- **How to complete this task**: Produce as output only the lines below starting at the line with "SHORTCUT: You could" and continuing through the line with "در این پست برای", each one exactly as written.

- **Dataset**:
#####

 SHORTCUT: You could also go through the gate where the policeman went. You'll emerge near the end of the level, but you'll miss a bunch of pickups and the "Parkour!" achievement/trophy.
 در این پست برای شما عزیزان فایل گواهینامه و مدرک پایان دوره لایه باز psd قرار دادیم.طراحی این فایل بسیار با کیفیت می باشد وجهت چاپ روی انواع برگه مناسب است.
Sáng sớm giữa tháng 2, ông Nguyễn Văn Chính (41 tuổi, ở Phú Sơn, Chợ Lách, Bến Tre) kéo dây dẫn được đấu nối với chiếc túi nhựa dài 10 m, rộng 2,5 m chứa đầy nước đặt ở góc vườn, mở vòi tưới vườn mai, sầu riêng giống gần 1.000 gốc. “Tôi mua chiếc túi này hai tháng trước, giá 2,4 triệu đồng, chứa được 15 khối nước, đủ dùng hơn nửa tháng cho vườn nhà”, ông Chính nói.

#####

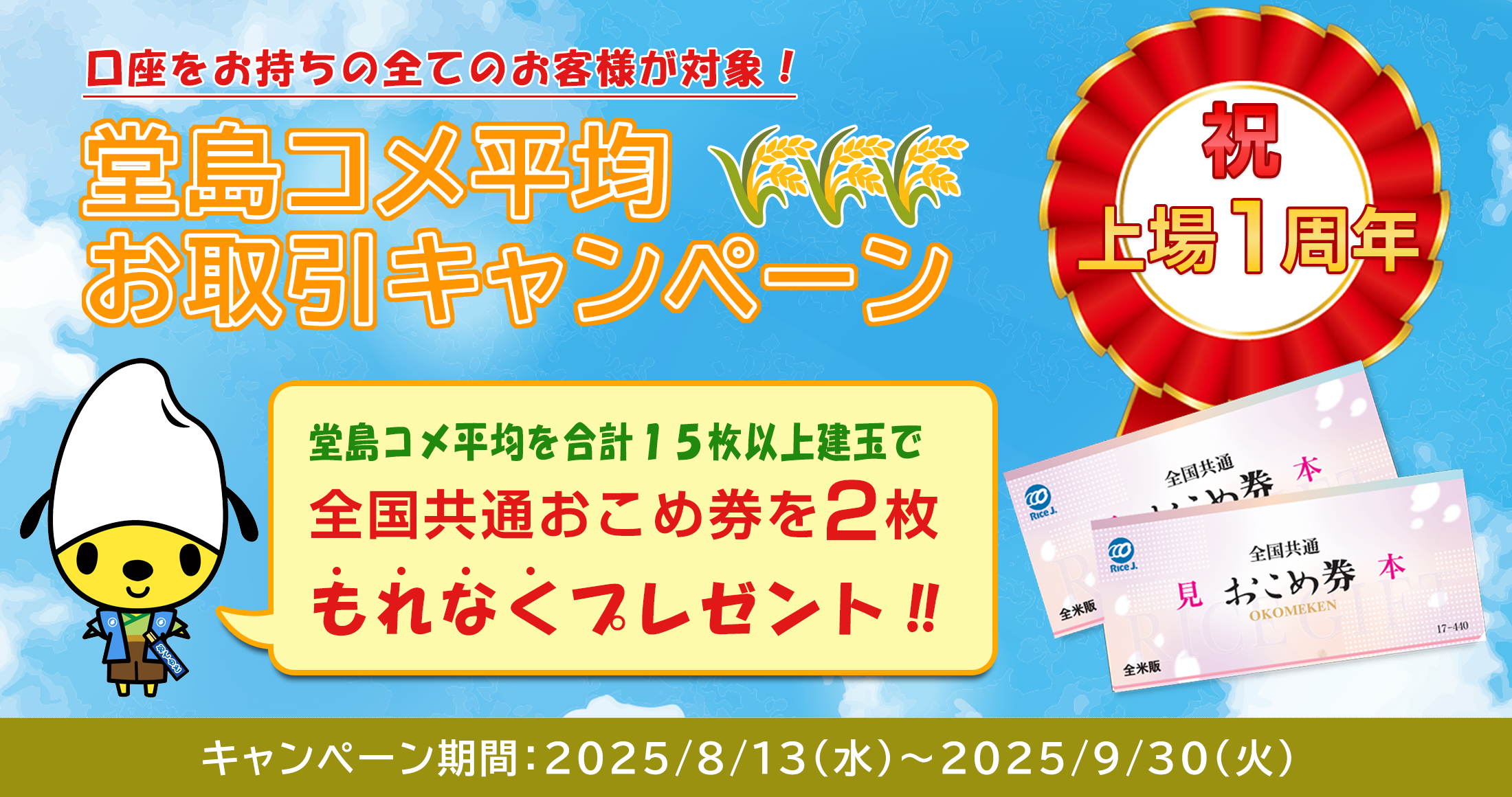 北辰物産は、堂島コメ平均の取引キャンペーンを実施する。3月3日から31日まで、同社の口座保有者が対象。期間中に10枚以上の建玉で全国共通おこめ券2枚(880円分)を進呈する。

#####

- **Output for this task**:
 SHORTCUT: You could also go through the gate where the policeman went. You'll emerge near the end of the level, but you'll miss a bunch of pickups and the "Parkour!" achievement/trophy.
 در این پست برای شما عزیزان فایل گواهینامه و مدرک پایان دوره لایه باز psd قرار دادیم.طراحی این فایل بسیار با کیفیت می باشد وجهت چاپ روی انواع برگه مناسب است.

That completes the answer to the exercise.